The first thing that Jesus did when He began His ministry was to form a community. To follow Jesus meant that one would be willing to share His life. At the beginning, many followed and were willing to join but as it became clear what was expected of them, many quit. And even when the authorities thought that they could disband the community through death and oppression, it continued to grow. We are reminded that the early church was actually a movement known as “The Way.”
It was an open community, known as a caring and sharing community, especially sensitive to the needs of the poor and the outcast. It was a community founded on a love for God, for each other, and for the oppressed. Their refusals to kill, to practice racial discrimination, and to bow down before imperial deities were a matter of public knowledge. Theirs was a life-style based on faith and a testimony to that faith. (Adapted from “The Call to Conversion”, Jim Wallis, 2005)

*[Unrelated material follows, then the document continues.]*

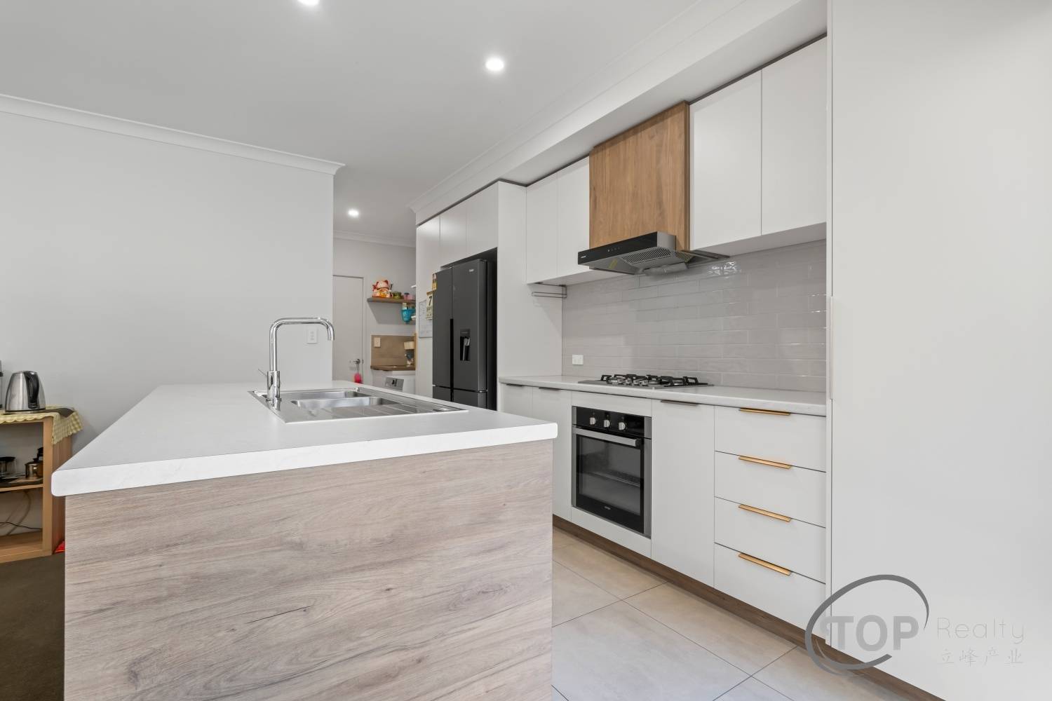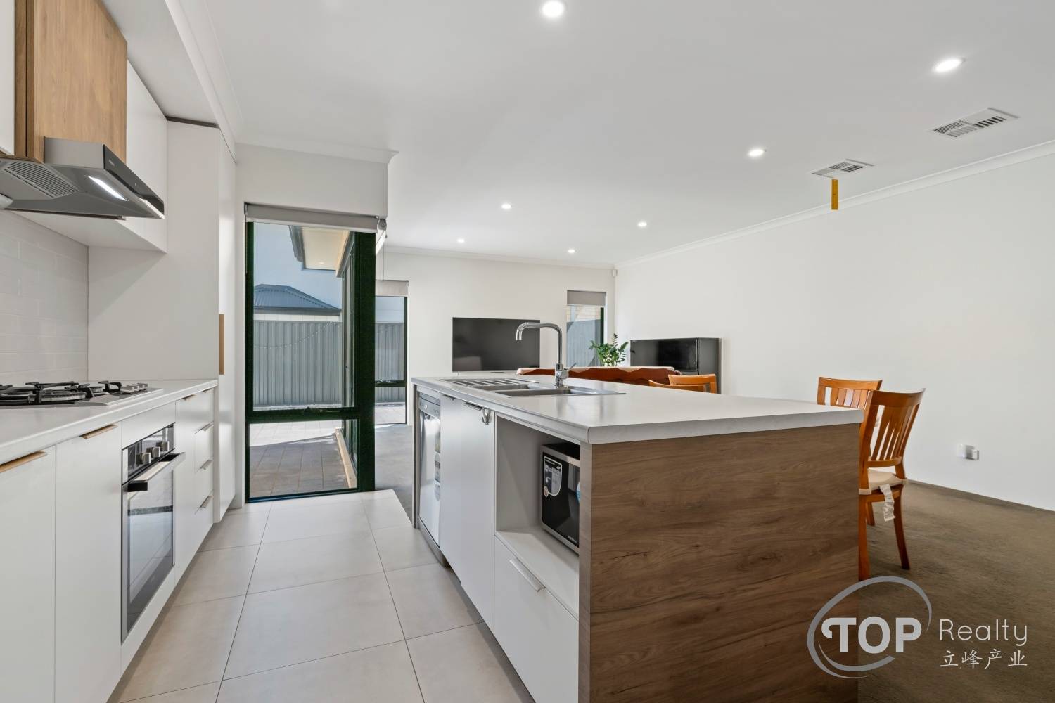 Kitchen well appointed with island breakfast bench, generous cabinet storage space, gas cook top, dishwasher & rangehood

We see the beginning of that community in the Gospel reading for today. We may not like it when a neighbor knocks on our door late at night but if the request is a reasonable one, we are apt to respond favorably. What good would it do to give a scorpion if a person needed an egg? We would only do so if we were selfish and greedy. But, in the Kingdom of God, our care for others is as great as it is for each of us.
The words of Hosea become strangely prophetic today. We have to wonder what the people thought when Hosea married Gomer, a prostitute. And then he named his son Jezreel. Now, Jezreel was the name of a place and a town in Israel associated with the bloody violence of the power politics that the kings of Israel had used to gain the throne and power. It was to reinforce the message of God’s coming judgment. Similarly, by naming his daughter “Lo-Ruhamah” and his next son “Lo-Ammi”, Hosea was communicating to the people of Israel their loss of God.

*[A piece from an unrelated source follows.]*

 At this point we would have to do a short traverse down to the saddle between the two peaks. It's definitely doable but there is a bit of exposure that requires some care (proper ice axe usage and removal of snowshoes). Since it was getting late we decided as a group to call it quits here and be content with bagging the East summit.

Now, I know that there are some who relish in this prophecy; who see in Hosea’s prophecy a justification for their own pronouncement of judgment and vindication of their vision for the future of this country. But their vision runs counter to the vision offered in the Lord’s Prayer, of a community open to all. When we say “grant us” and “free us”, we are not speaking individually but as a community.
But the loss should not be seen as a permanent one because God has rejected His Children. The promise made to Abraham still remains in effect, provided that we respond. In Christ, we are reminded that there is a covenant between God and us. If we are to find our way in this world, we will find it through Christ. As I read Paul’s words to the Colossians, I am reminded that we are responsible for our own faith. We cannot nor should we expect others to tell us what to do or where to go.
Now, there is a fine line between living in a community where one presumes leadership means control and direction and one in which we work together. We live in a world where too many people want the former when what is needed is the latter. The former leads us to a life without direction, without meaning, and down a path to nowhere. It is a life without Christ and one in which, as Paul wrote, one in which we are dead.
But in Christ, we find a new life. And in this new life, we begin anew, to build a new community, a community in which people can find their direction, their purpose, and their life. It is not an easy task, to be sure, but one in which we are called upon to begin today with our acceptance of Christ and the empowerment of the Holy Spirit.